Compared with what the Romans had done before 343, the campaigns against the Samnites were certainly more distant and prolonged.  The Samnites lived in the mountains above the bay of Naples and were friendly with the Romans until an attack sent the rich Capuans of the lowland running for help to Rome.  As the war dragged on, others seem to have realized the danger they were in, and Rome faced a coalition of Samnites, Etruscans, and others like the Umbrians who had scarcely figured in the story before.  Rome also changed the way things were done.  Consuls remained in the field for longer than their usual terms and reduced so many cities that they had to make the soldiers sell their spoils so as not to be encumbered.   The famous Appian Way was constructed during these wars.

Livy remarks that we who read about the wars should not tire of them if those who fought them did not.  I don’t think that’s a great rule to follow, but it shows sympathy.  He also indulges in a long recreated speech about the beginning of the war that had me looking both back to Thucydides and forward to Machiavelli.

(Penultimate installment: Class struggle or black magic?  I can’t decide…)

“That Mob”

Livy does not scruple to call the early settlers of Rome “homeless and destitute”.  More than that, he says (in Penguin’s Selincourt translation) “That mob was the first real addition to the City’s strength, first step to her future greatness.”  When I think about it, it’s of a piece with the story of Romulus and Remus being exposed, nursed by a wolf, and raised by shepherds to share in their rustic adventures.

I wonder if Livy is seeking a deliberate balance between this and the story of the aristocratic Aeneas.  In his telling, the Trojan prince Aeneas settled in Latium, his son founded Alba Longa, and after many generations were born the twins who, having discovered their identity, founded Rome a few miles away.  This twofold legend of Rome’s foundation needs some explanation.  On top of that, Livy records the importance of the Etruscans (via the Tarquins who ruled Rome) and Sabines in the earliest times.

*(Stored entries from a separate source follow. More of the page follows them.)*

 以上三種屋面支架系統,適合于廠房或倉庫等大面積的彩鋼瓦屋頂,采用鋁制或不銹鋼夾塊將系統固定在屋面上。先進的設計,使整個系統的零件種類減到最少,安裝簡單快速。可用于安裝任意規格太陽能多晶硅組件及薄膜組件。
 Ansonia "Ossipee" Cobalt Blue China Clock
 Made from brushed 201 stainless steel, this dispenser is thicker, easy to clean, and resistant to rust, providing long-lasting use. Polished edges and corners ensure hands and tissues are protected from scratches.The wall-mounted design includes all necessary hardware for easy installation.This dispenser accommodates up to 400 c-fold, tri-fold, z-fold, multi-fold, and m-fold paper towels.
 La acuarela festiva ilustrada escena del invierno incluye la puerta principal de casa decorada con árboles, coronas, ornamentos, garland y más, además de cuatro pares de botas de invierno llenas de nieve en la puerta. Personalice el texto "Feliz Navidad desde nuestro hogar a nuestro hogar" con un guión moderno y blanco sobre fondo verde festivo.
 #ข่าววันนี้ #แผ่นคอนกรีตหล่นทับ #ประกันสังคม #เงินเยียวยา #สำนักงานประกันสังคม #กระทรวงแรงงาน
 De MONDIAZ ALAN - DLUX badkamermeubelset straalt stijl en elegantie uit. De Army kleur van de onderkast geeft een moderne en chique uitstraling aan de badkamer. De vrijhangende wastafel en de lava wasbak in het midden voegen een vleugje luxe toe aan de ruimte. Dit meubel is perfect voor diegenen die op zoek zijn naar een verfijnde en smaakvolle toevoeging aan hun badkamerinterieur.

In any case it seems clear that Livy loves Rome (“no country has ever been greater or purer than ours”) and all of its people.  I’ll try to bear this in mind when thinking about his account of the struggles of the plebeians and patricians.

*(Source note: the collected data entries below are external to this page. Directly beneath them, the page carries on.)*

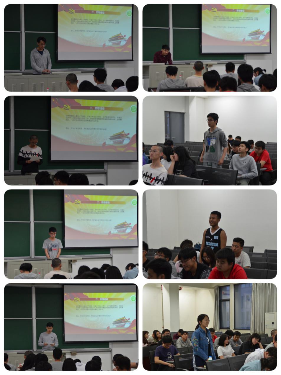 随后,与会党员依次上台发言。孙乐乐从社会主义核心价值观角度出发、白德民以新时代北建大学生党员应有的风貌为题、刘艳峰就“以德为先”的精神要求为指引,与大家交流以什么样的精神面貌和实际行动来践行党员义务;宫丛澄、王杰则以一个民族、国家的精神追求结合自身经历来谈论如何在思想学习中发挥示范引领作用,如何在班级和宿舍中发挥先锋模范带头作用。现场学员积极加入讨论并发表看法。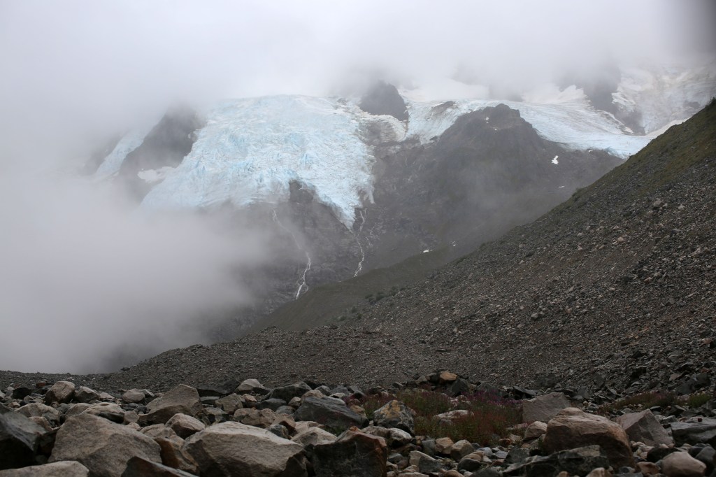As we climbed the terrain changed and became steeper and more rugged. We traded the muddy trail of the valley below for rocky gravel and boulders. The trail all but disappeared and we were left to follow in single file footsteps of our guide Rylan towards Laughton Glacier.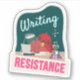 Compact version of the "Writing is My Resistance" from the Cardinal of Resistance series is perfect for sticking on notebooks, laptops etc. Celebrate the power of writing with this bold, retro-modern design. Inspired by mid-century styling and infused with a touch of playful rebellion. This sticker is for those who wrangle with words using a keyboard, quill, pen, or perfectly sharpened pencil. Whether you scribble in the margins, write articles, plot a novel, craft poetry, or journal to stay sane—your words matter. Let the Cardinal of Resistance inspire you to just get started. A great pick for writers, notebook hoarders (who are totally going to use that notebook, right?), story lovers, and idea wranglers of all kinds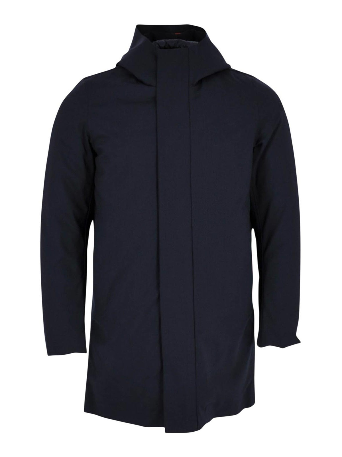 Rrd tertile floating eskimo jkt flannel with technical membrane the iconic eskimo design reinterpreted by rrd in a sophisticated and hi-tech key through a combination of sartorial elegance and advanced functionality made of flannel coupled with a technical membrane the garment combines protection and refinement in an impeccable balance the completely heat-taped construction and the exclusive floating shield system ensure waterproof comfort and a regular and fluid fit the heat-sealed tubular channels they contain the light and warm duck down padding which effectively insulates from the cold while keeping the garment light, the large padded hood, the side pockets with pressure flap and the front zip with hidden double slider complete a clean and modern silhouette, iconic items such as the pocket with double orange welt and the tag designed in Tuscany together with the black micro-injection RRD logo on the left underline the care and identity of the brand in flannel combined with a technical membrane, fully heat-taped construction, floating shield technology for maximum comfort and fit fixed padded hood on the front with double-slider zip and pressure flap side pockets with duck down flap / micro-injected rrd logo on the left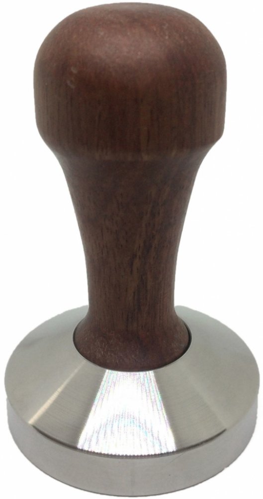Profesionální tamper flat má plochou kovovou základnu a ergonomickou dřevěnou rukojeť a jeho váha je 370g.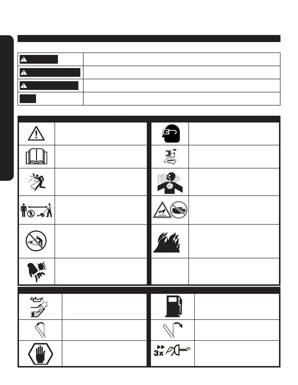 Les symboles suivants peuvent se rapporter à la sécurité et peuvent se retrouver sur votre débroussailleuse. Assurez-vous de les lire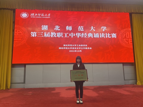 本网讯(通讯员 柯康敏)10月27日下午,湖北师范大学第三届教职工中华经典诵读在教育大楼学术报告厅举行,星空(中国)官方人文学部丁书嫚老师朗诵的作品《读中国》荣获二等奖。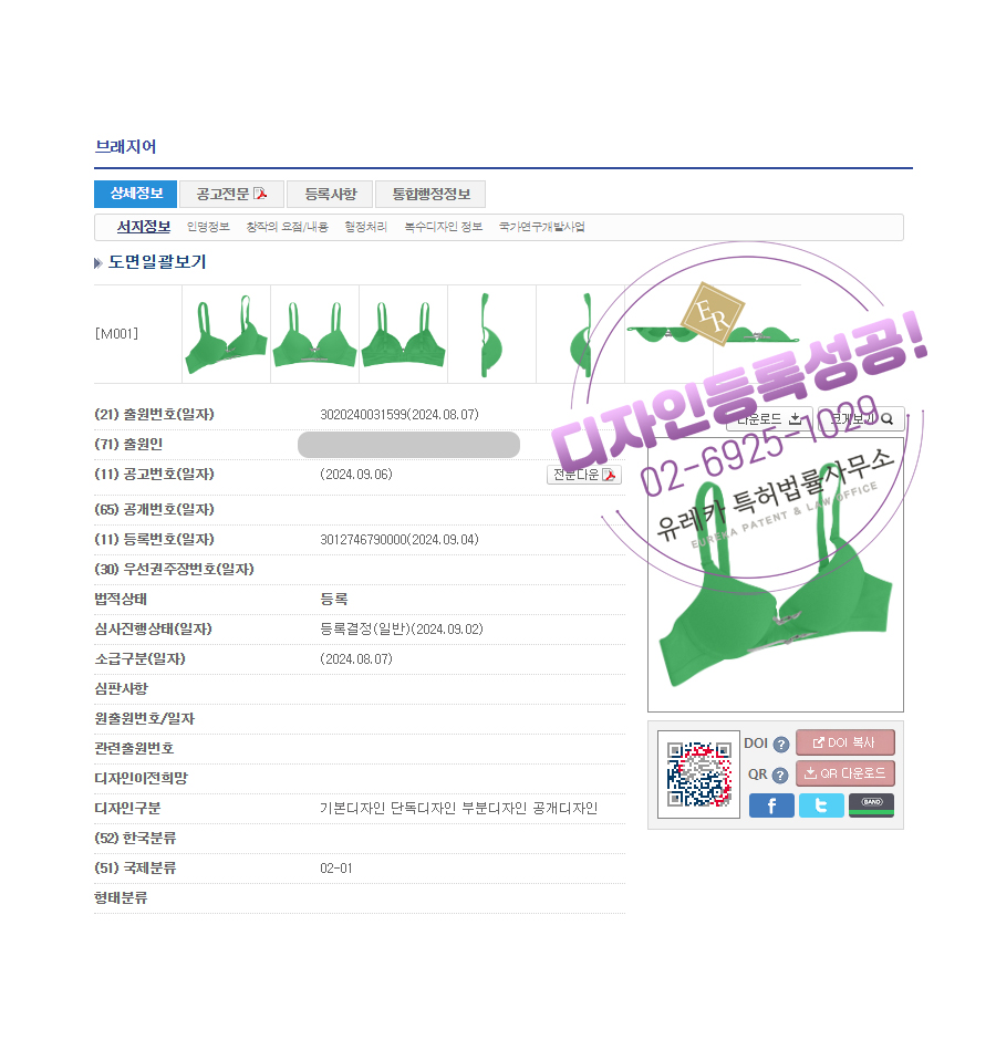 디자인심사를 통과해 최종적으로 브래지어 디자인등록되었습니다!

(This is the second of my Livy top five. Stay tuned.)

The Top Five Things I Read in Livy

Livy wrote the history of Rome ab urbe condita, that is, from its legendary foundation in 753 BC, down to his own time.  When he died in AD 17, he had completed 142 long chapters, or books, of which about a quarter survive.  For the last month I’ve been working on the first ten.  Now I’m toying with Machiavelli’s Discourses on Livy.

Instead of summarizing four hundred some years of Roman history, here are five cool things from Livy:

5) The Romans were surprisingly superstitious.  I’d known this in a general way, but I had not expected religion to play such a role in political life.  There were frequent instances of consuls, other magistrates, and even dictators resigning from office based on some sort of religious flaw in their election.  At least twice Livy describes a dictator, the most powerful possible officer of state, being chosen simply for the ritual of hammering in a certain nail during a plague.  It wasn’t that the Romans lacked priests.  In fact, the priestly offices were among the last to be opened to the lower class, long after plebeians had been elected consuls and dictators.

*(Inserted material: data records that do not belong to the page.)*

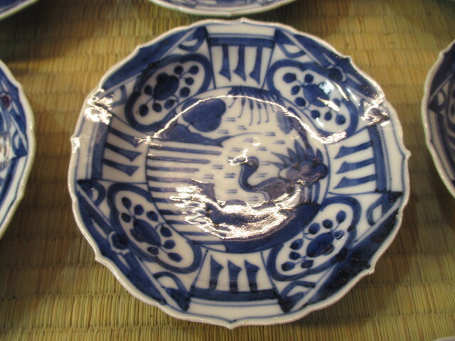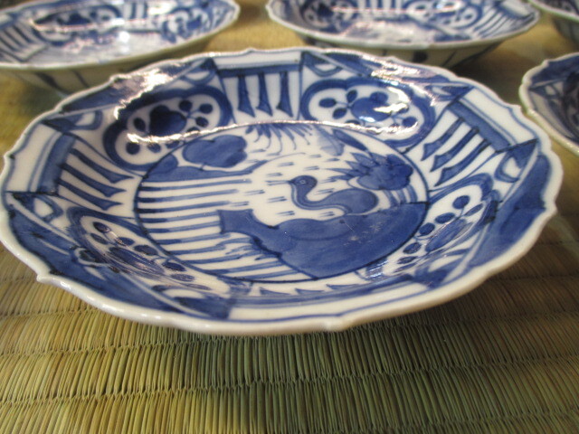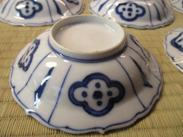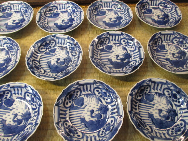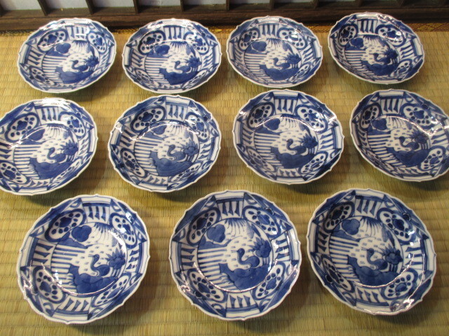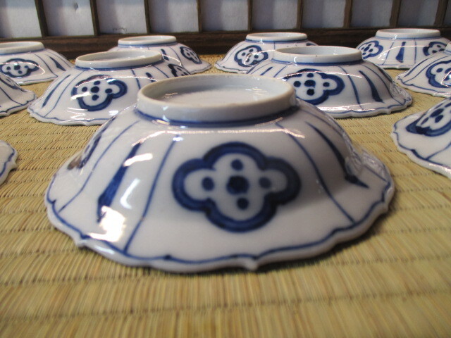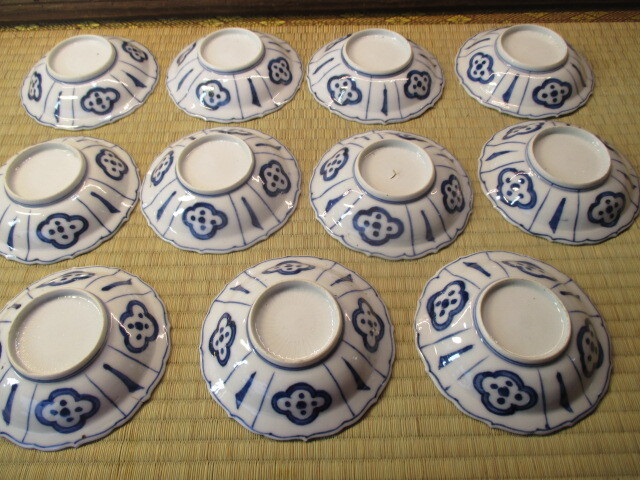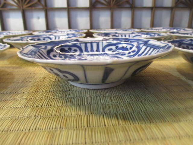 《和》古伊万里 染付小皿 輪花縁 芙蓉手 向付け11客 会席 お店使い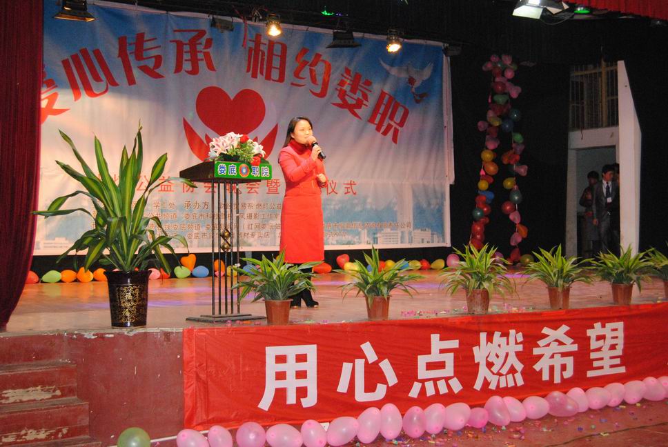 为感恩社会,弘扬中华民族“扶弱济贫,无私奉献”的优良传统,同时为成为有目标,有理想的当代大学生,肩负社会责任,奉献自己的爱心。11月18日晚,财经贸易系燃灯公益协会《爱心传承 相约娄职》晚会庆典暨交接仪式在南苑礼堂举行。娄星区团委书记彭淋琪、学院团委书记欧芳、武装保卫处处长邹涛、财贸系学工主任刘媛、团委老师杨翰如出席了本次交接仪式和庆典。到场的还有燃灯公益协会全体会员、财贸系13级全体同学以及学院各系部现场观看晚会的同学。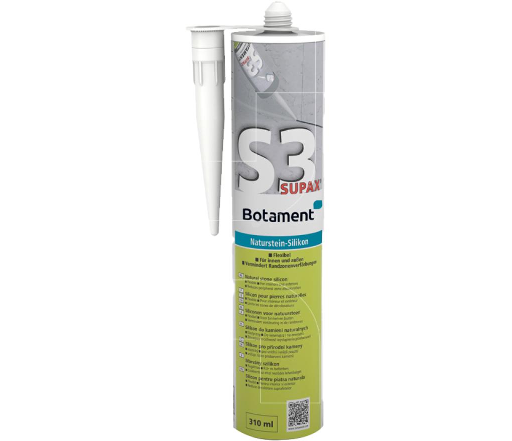 S3 SUPAX is een elastische voegkit voor het opvullen van dilatatie- en aansluitvoegen in natuursteenbekledingen, in permanent natte ruimtes, evenals in zwembaden en op balkons en terrassen. Na uitharding is S3 SUPAX zeer goed bestand tegen heet water, UV-straling en in de handel verkrijgbare reinigingsmiddelen.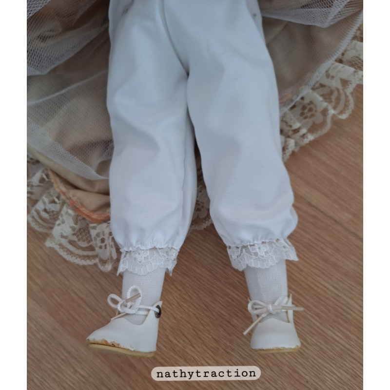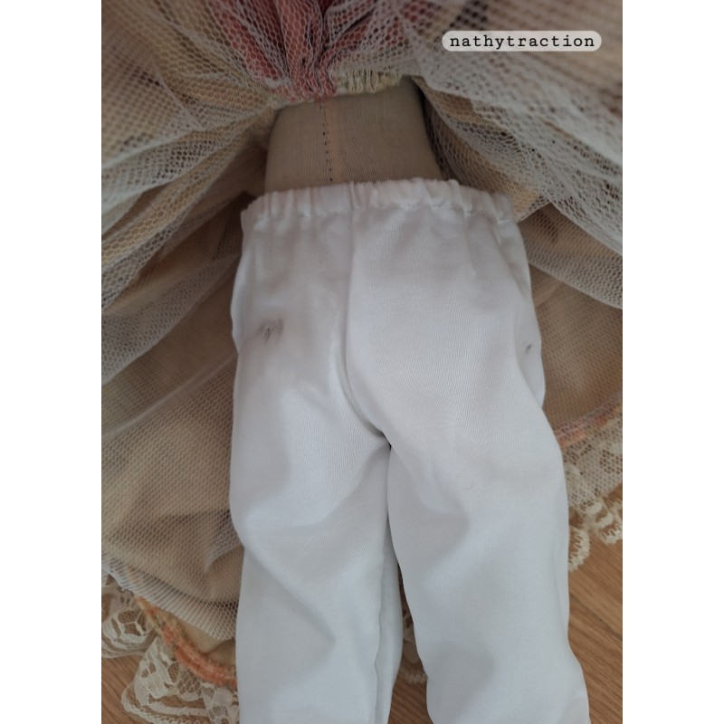 Sous la robe, on aperçoit une culotte blanche en tissu fin, dont deux petites taches noires, probablement dues à des frottements, peuvent être remarquées. Malgré ces petites imperfections, la poupée conserve une grande beauté et une grande finesse. Elle est accompagnée de son socle, permettant de l'exposer avec élégance.

Towards the end of the Samnite wars, around 290 BC, Livy describes what happened when the auspices did not turn out favorably before an important battle.  At first the augurs lied, and told the dictator that the birds had behaved appropriately.  When the dictator was told the true story, he went ahead with the battle, saying that the spirit of the ritual had been fulfilled.  Machiavelli says this shows that Roman religion was merely a show to keep the people in line, and the leaders knew better.  The degree to which the Romans mixed church and state is still striking.